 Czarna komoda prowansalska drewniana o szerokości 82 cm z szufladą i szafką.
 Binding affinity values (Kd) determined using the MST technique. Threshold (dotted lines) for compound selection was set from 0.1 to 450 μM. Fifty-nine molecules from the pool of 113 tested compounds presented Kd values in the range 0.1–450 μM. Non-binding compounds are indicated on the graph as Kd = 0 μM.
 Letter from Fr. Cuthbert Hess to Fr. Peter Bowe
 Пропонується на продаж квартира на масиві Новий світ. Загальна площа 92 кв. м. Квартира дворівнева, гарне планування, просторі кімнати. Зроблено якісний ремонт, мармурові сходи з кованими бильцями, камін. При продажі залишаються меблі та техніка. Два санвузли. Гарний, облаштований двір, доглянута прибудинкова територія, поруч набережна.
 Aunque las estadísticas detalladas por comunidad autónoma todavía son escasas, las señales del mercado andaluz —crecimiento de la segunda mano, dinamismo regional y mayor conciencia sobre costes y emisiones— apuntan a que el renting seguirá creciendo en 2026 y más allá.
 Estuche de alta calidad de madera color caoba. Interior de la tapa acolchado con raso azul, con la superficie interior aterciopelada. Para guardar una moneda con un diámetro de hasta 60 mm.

* * *

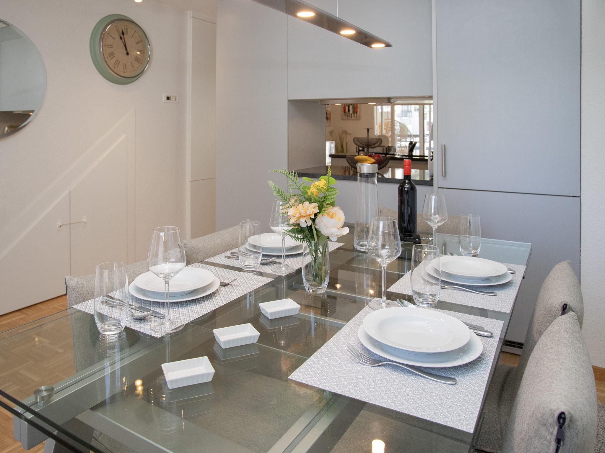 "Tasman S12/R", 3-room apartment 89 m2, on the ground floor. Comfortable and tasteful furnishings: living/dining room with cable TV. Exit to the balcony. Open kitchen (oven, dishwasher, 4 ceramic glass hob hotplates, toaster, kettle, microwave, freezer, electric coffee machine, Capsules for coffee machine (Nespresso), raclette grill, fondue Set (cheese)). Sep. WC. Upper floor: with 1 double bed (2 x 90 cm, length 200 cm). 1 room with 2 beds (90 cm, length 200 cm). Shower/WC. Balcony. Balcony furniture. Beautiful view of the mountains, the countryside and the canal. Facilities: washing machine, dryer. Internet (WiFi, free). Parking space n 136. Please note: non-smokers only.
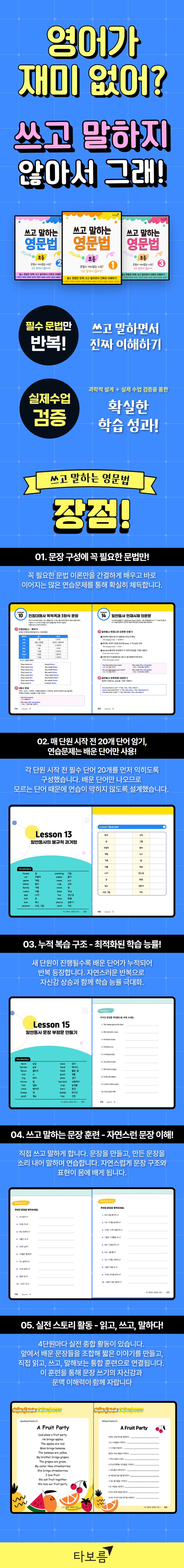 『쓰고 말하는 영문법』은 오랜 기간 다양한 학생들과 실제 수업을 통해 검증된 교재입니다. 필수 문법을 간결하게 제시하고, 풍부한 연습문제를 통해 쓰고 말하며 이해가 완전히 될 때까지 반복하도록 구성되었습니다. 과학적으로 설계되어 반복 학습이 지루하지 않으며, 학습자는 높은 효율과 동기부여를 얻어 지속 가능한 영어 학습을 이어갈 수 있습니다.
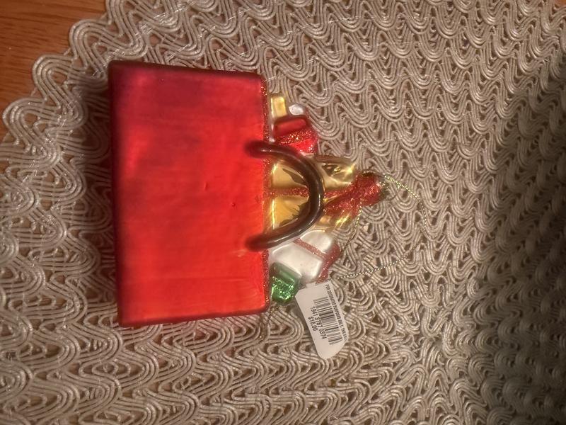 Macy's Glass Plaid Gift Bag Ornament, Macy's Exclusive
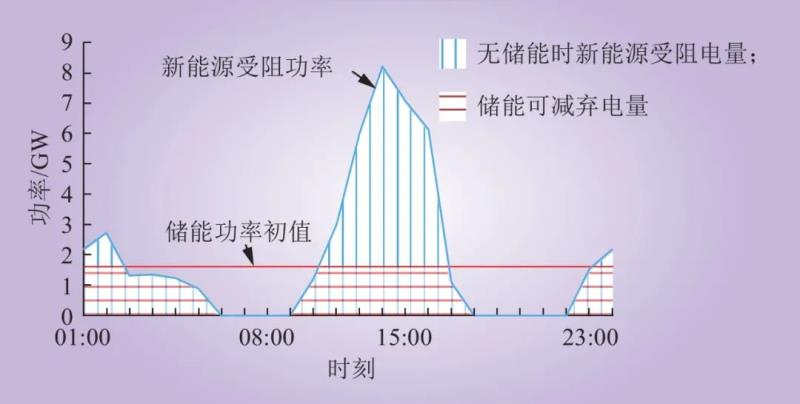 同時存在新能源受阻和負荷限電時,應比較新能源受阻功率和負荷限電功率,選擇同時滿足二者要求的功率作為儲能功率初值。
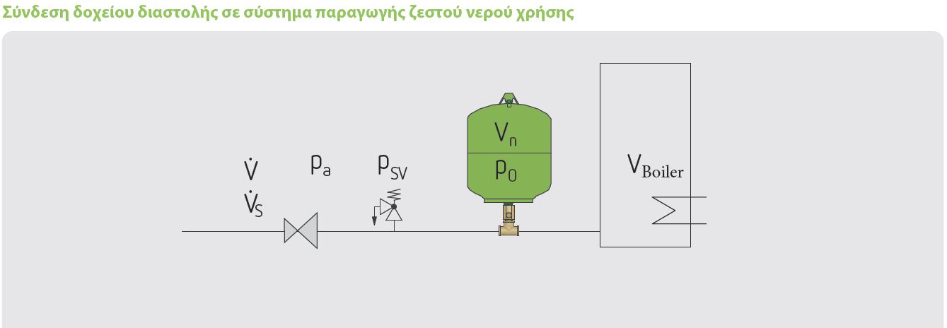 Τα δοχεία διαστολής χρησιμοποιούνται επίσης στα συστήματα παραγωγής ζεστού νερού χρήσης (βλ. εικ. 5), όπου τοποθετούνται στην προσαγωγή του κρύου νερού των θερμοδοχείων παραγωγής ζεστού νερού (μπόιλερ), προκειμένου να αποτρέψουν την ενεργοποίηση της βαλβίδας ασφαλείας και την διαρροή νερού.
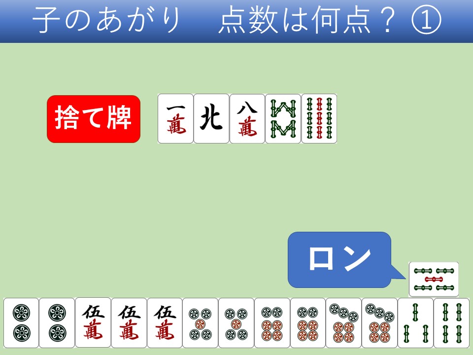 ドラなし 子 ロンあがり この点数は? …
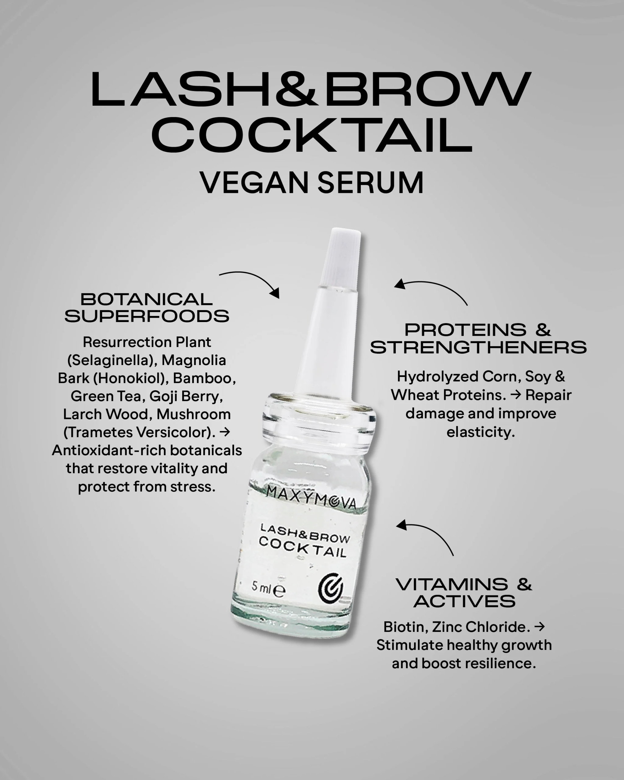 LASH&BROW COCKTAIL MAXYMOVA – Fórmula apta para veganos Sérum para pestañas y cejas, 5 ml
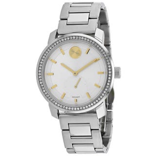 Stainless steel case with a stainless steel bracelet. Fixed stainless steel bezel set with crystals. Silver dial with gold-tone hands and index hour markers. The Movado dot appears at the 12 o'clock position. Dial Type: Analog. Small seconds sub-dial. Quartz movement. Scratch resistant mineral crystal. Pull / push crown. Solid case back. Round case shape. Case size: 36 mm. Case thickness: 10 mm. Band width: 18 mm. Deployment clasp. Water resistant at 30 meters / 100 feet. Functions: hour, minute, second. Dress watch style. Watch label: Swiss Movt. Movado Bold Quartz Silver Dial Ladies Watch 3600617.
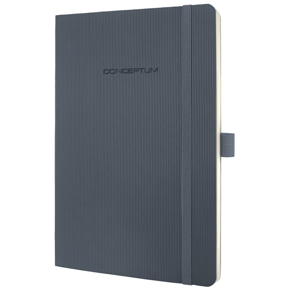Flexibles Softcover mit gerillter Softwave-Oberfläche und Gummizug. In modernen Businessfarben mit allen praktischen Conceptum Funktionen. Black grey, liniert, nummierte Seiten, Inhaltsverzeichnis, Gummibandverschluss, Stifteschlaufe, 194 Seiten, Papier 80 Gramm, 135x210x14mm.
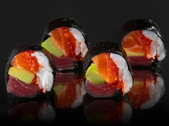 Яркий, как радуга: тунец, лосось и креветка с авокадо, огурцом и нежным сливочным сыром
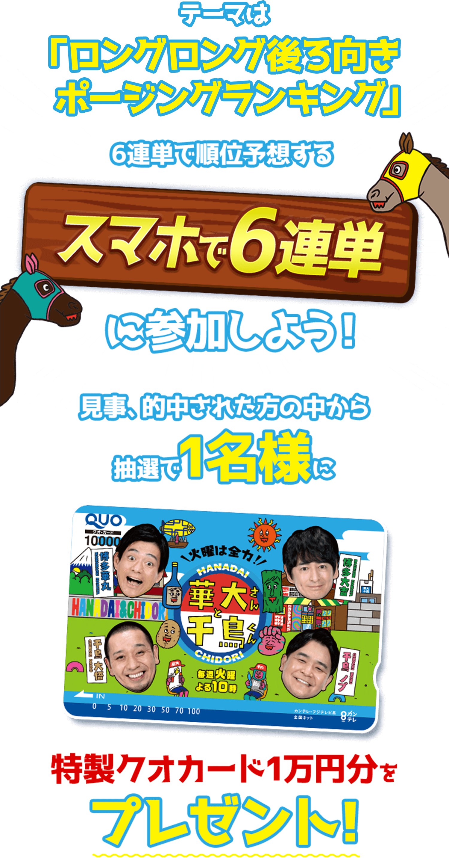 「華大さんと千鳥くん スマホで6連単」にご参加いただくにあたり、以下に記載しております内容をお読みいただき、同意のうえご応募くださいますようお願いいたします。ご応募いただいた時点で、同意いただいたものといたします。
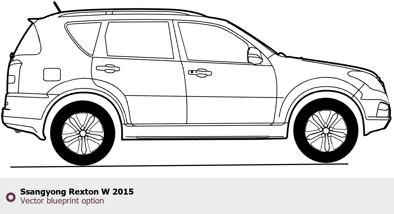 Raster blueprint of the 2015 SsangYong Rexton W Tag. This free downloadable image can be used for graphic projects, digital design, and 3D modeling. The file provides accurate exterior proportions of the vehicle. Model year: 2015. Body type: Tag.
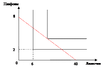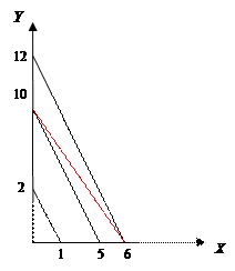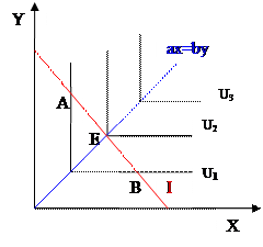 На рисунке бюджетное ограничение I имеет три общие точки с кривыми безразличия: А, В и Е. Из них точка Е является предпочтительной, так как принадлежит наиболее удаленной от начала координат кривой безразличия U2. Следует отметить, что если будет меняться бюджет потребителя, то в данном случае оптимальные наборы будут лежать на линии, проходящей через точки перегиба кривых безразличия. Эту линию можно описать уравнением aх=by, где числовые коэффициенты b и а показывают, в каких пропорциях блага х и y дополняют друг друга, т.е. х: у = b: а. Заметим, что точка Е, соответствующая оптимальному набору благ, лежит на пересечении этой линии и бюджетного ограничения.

YOUR INSTRUCTIONS
Copy only what runs above from the line containing "同時存在新能源受阻和負荷限電" through the line containing "LASH&BROW COCKTAIL MAXYMOVA", exactly. Leave out the pictures.

ANSWER TO THIS PROBLEM
 同時存在新能源受阻和負荷限電時,應比較新能源受阻功率和負荷限電功率,選擇同時滿足二者要求的功率作為儲能功率初值。
 Τα δοχεία διαστολής χρησιμοποιούνται επίσης στα συστήματα παραγωγής ζεστού νερού χρήσης (βλ. εικ. 5), όπου τοποθετούνται στην προσαγωγή του κρύου νερού των θερμοδοχείων παραγωγής ζεστού νερού (μπόιλερ), προκειμένου να αποτρέψουν την ενεργοποίηση της βαλβίδας ασφαλείας και την διαρροή νερού.
 ドラなし 子 ロンあがり この点数は? …
 LASH&BROW COCKTAIL MAXYMOVA – Fórmula apta para veganos Sérum para pestañas y cejas, 5 ml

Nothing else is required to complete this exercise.